If interval $$$A,B$$$ are all good and $$$A \cap B \neq \emptyset$$$, then $$$A \union B$$$ is good, too.

Consider enumerating good intervals according to their length.

Let's consider the interval in the order of its length (small to large) and add the edge one by one.

Initially, the graph has no edge. There are $$$n$$$ connected components each consisting of exactly one vertex. Note our algorithm will guarantee that at every moment every connected component's indices compose an interval.

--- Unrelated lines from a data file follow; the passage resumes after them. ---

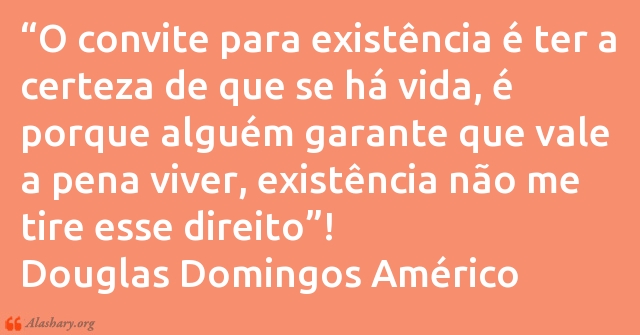 “O convite para existência é ter a certeza de que se há vida, é porque alguém garante que vale a pena viver, existência não me tire esse direito”!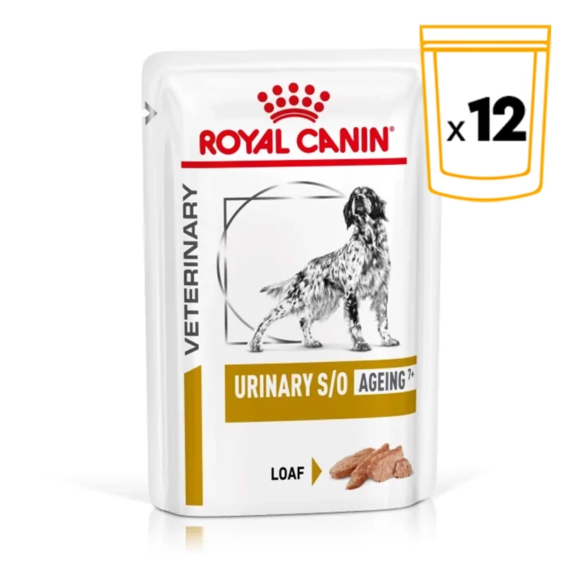 ROYAL CANIN® Urinary S/O Ageing 7+ está diseñado para perros mayores con problemas urinarios como cálculos y cristales de estruvita. Esta dieta es eficaz para disolver los cálculos de estruvita y está formulada específicamente para abordar hasta el 80% de los cálculos urinarios.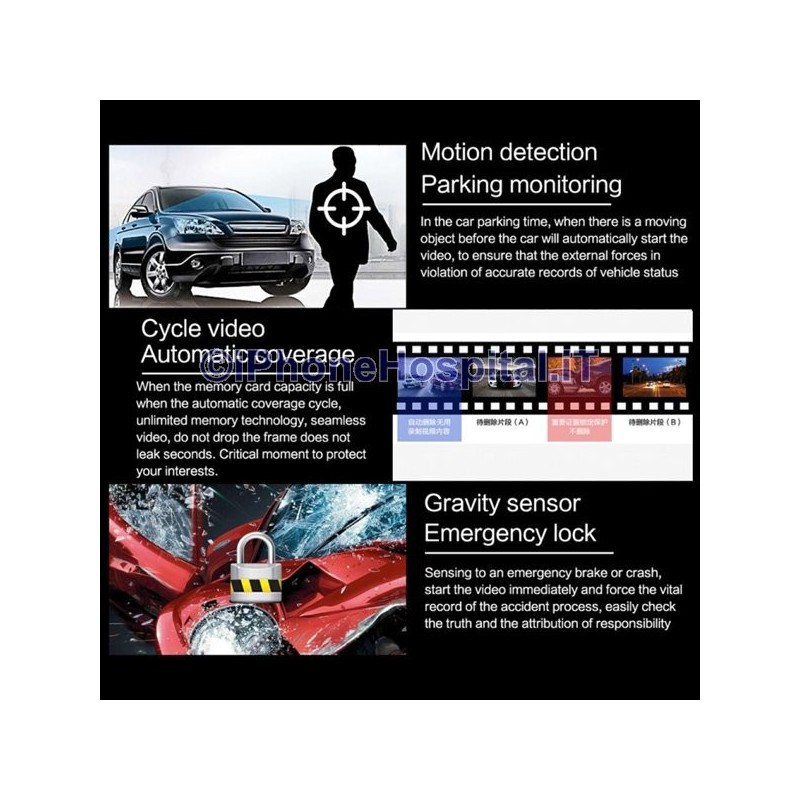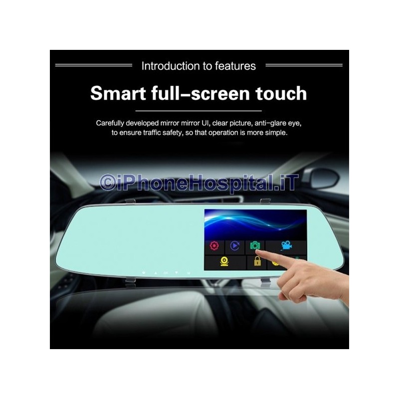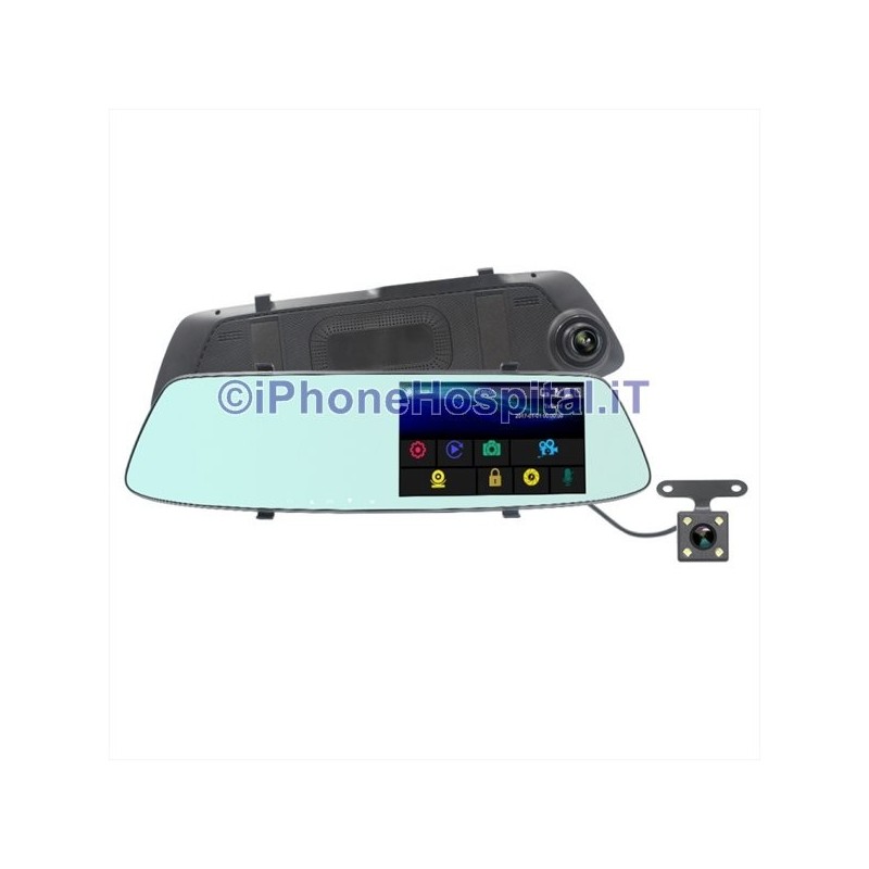 Rearview mirror with DVR video recorder, LCD touch screen monitor for recording the car journey with 2 cameras, one internal to the DVR and another external that can be placed on the rear side of the car for reverse parking.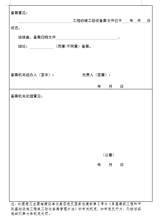 3、《湖南省房屋建筑和市政基础设施工程竣工验收备案管理实施办法》第四条建设单位在工程竣工验收合格之日起15日内,通过湖南省建设工程项目审批管理系统办理工程竣工验收备案手续。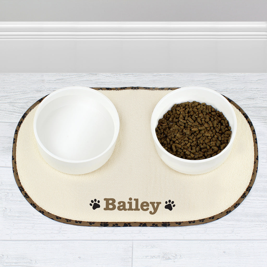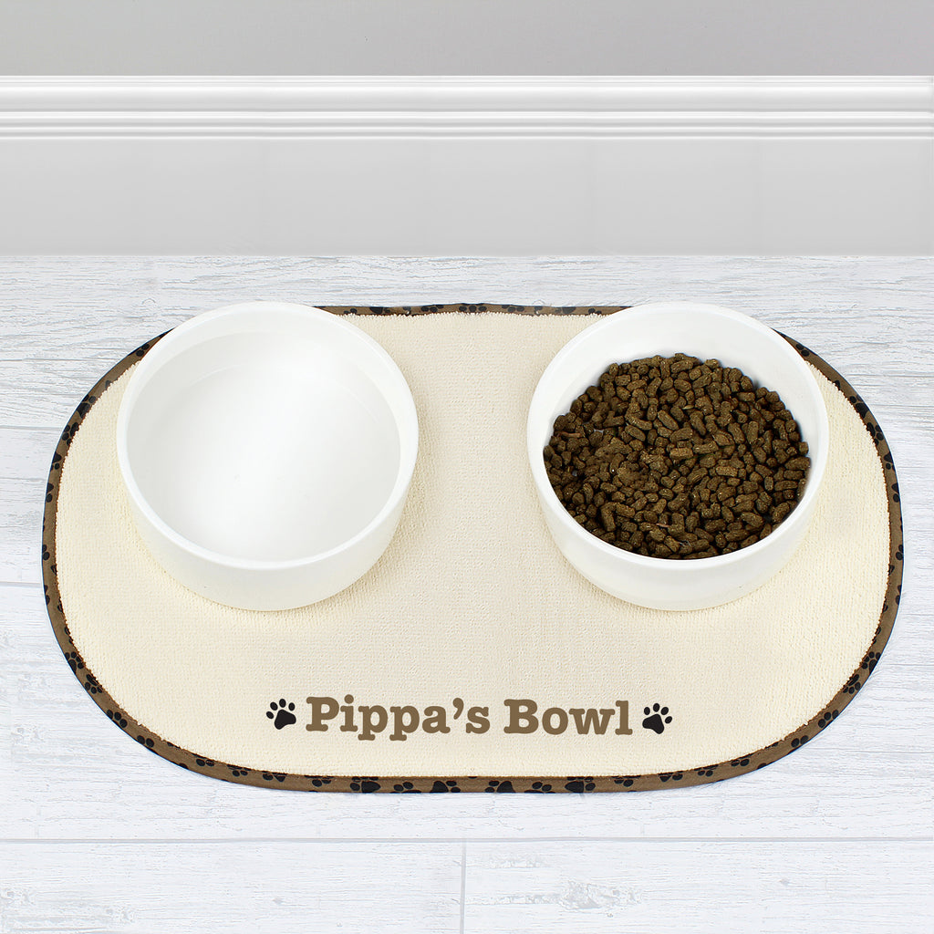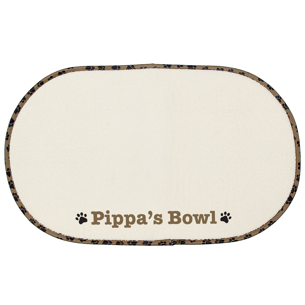 Our Personalised Brown Paw Print Pet Bowl Placemat is perfect for catching water and food from your adorable messy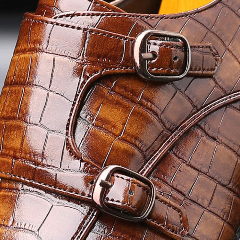 Pattern Pointed Toe Oxford Shoes: Double Monk Strap Shoes for Men

Let $$$[L_i,R_i]$$$ be the connected component vertex $$$i$$$ in.

If $$$[x,y]$$$ is good and $$$x$$$ and $$$y$$$ are not in the same connected component, we can merge $$$[L_x,R_y]$$$ into a larger connected component.

Supposing $$$[L_x,R_y]$$$ consist of $$$k+2$$$ connected components now, let's call them $$$[l_0,r_0],[l_1,r_1],\cdots,[l_{k+1},r_{k+1}](x\in [l_0,r_0],y\in [l_{k+1},r_{k+1}])$$$, you can link edges like:

$$$ \cdots-l_4-l_2-x-y-l_1-l_3-\cdots$$$

If $$$[x,y]$$$ is good and $$$x$$$ and $$$y$$$ are in the same connected component, then we do nothing.

Finally, you will get a valid tree.